La fiesta eterna va tocando a su fin. Ha llegado el mes de septiembre y con él los últimos estertores de otro verano loco que ha vuelto a dejar imágenes para el recuerdo; trazos de una juerga sin límites que las administraciones, sean del color que sean, parecen incapaces de atajar. Eivissa ha vuelto a trasladar al mundo un modelo salpicado de impurezas y contrastes que la mayoría somos incapaces de comprender.

Esta semana centraré mis críticas en el aspecto de la limpieza. Con el dinero que (en teoría) ingresan nuestras instituciones deberíamos poder comer del condenado pavimento que cubre nuestras calles. Por el contrario, los principales núcleos urbanos, especialmente la ciudad de Eivissa, lucen un aspecto roñoso y desprenden todo tipo de olores nauseabundos imposibles de camuflar. Nuestros políticos se enorgullecen del salto de calidad que han dado la mayoría de establecimientos turísticos en ese loable objetivo de atraer turistas con un elevado poder adquisitivo, pero no acompañan el impulso privado con gasto público que equilibre los servicios e infraestructuras de la isla.

Esta temporada, como las precedentes, está deparando situaciones de clara injusticia donde los principales damnificados volvemos a ser los residentes.

Por fortuna, en algunos ámbitos parece que se empieza a reaccionar.

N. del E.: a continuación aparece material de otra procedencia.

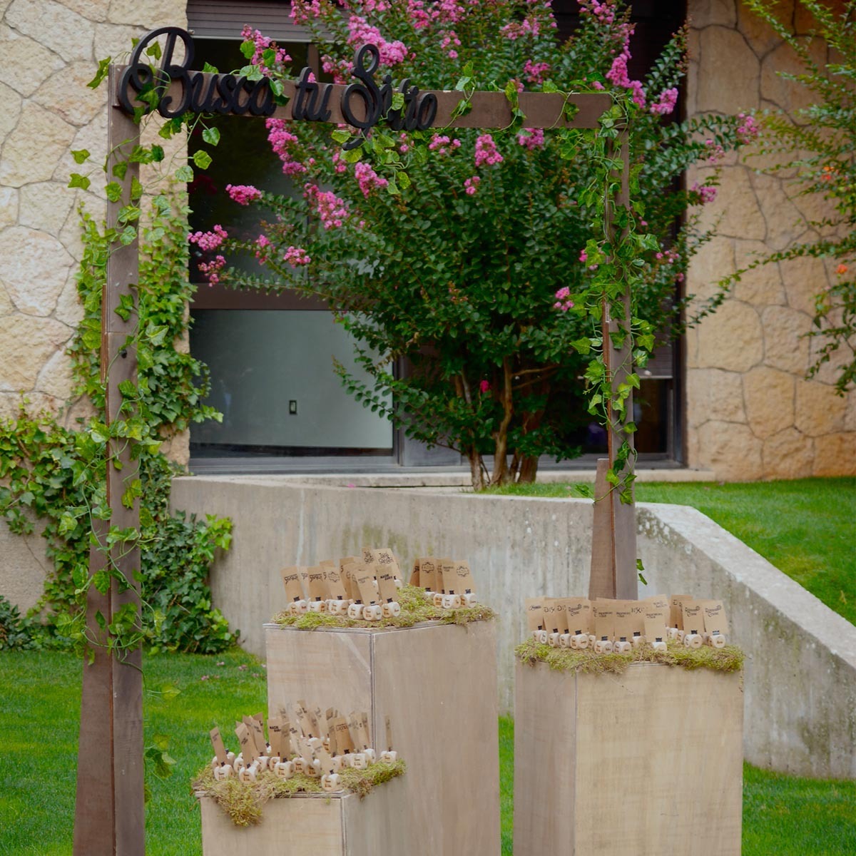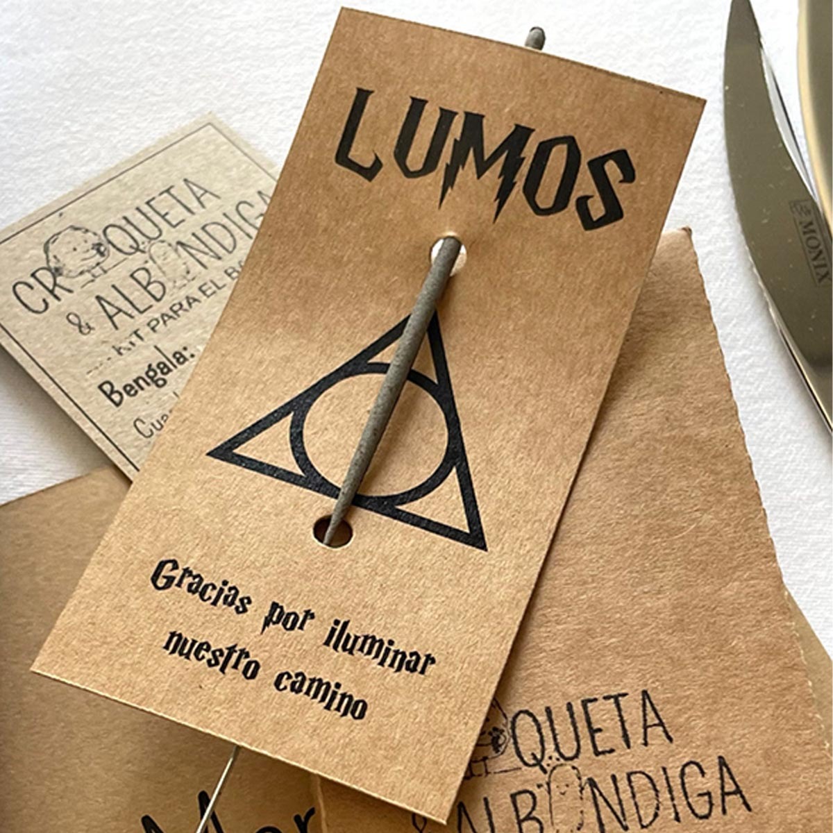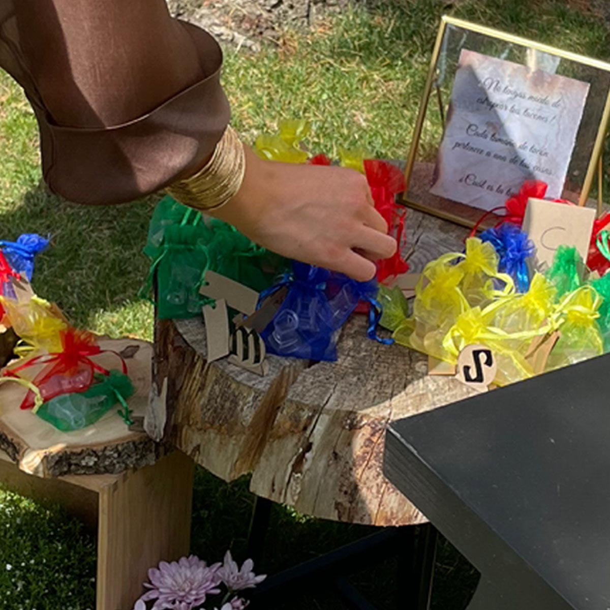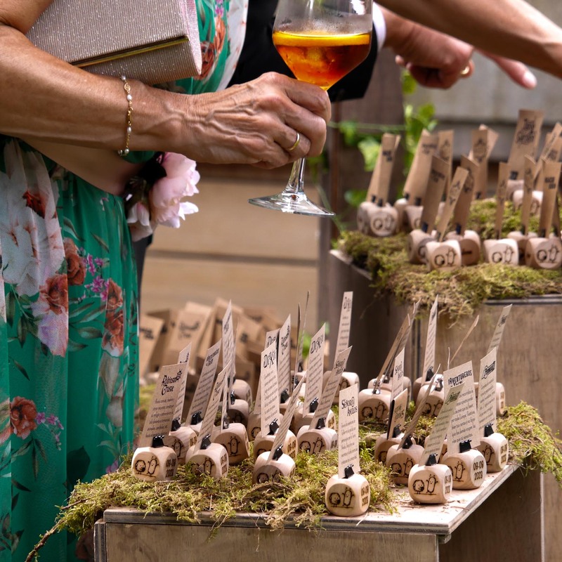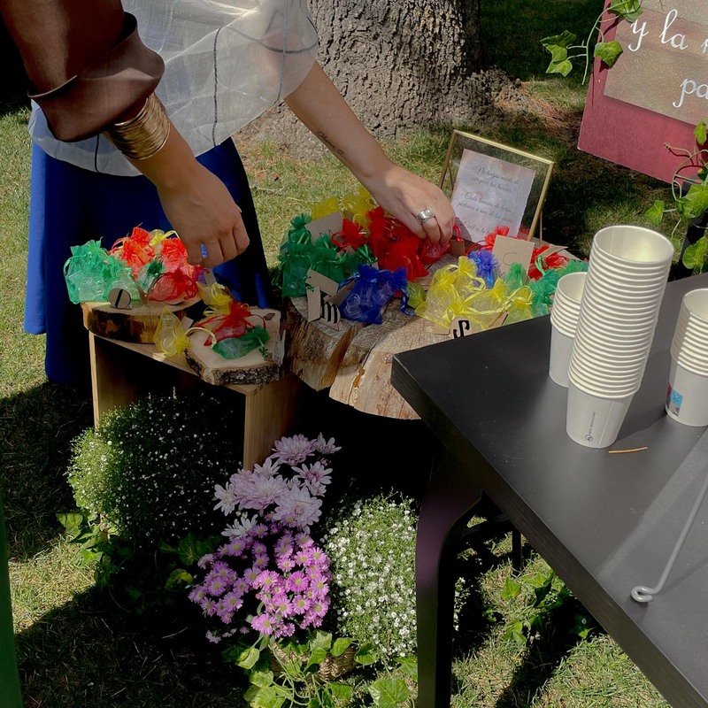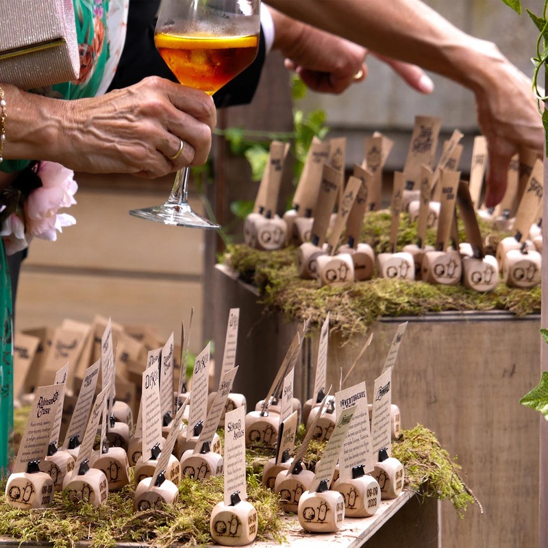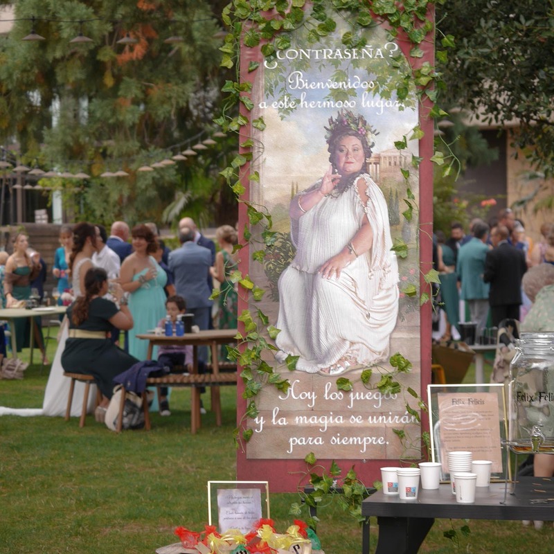La señalética y la ambientación contribuyeron a crear un recorrido visual y narrativo, lleno de detalles cuidados que unificaban los diferentes universos temáticos presentes en la boda. Elementos como el Candy bar inspirado en el mundo de Harry Potter aportaron un toque mágico, reforzando la atmósfera personalizada y emocional del evento.

Ayuntamientos como el de Sant Antoni han sido pioneros en limitar el acceso de los coches a enclaves de gran riqueza natural como Cala Salada, donde se ha mejorado el transporte público como notable éxito a pesar de conductas incívicas que empañan los progresos. Desde el Consell d’Eivissa quieren combatir la privatización de zonas costeras y de dominio público, como ha ocurrido en cala Comte, y se están dando pasos para evitar proyectos antiestéticos y agresivos con nuestro entorno como el tendido eléctrico en es Fornàs.

El poder de la ciudadanía y el carácter negociador de las principales administraciones también han permitido dar respuesta a las exigencias de Formentera sobre la futura estación marítima en el puerto de Vila. Cuando el sentido común y una mayoría social se pronuncian en una dirección, sus representates están obligados a respaldarlos.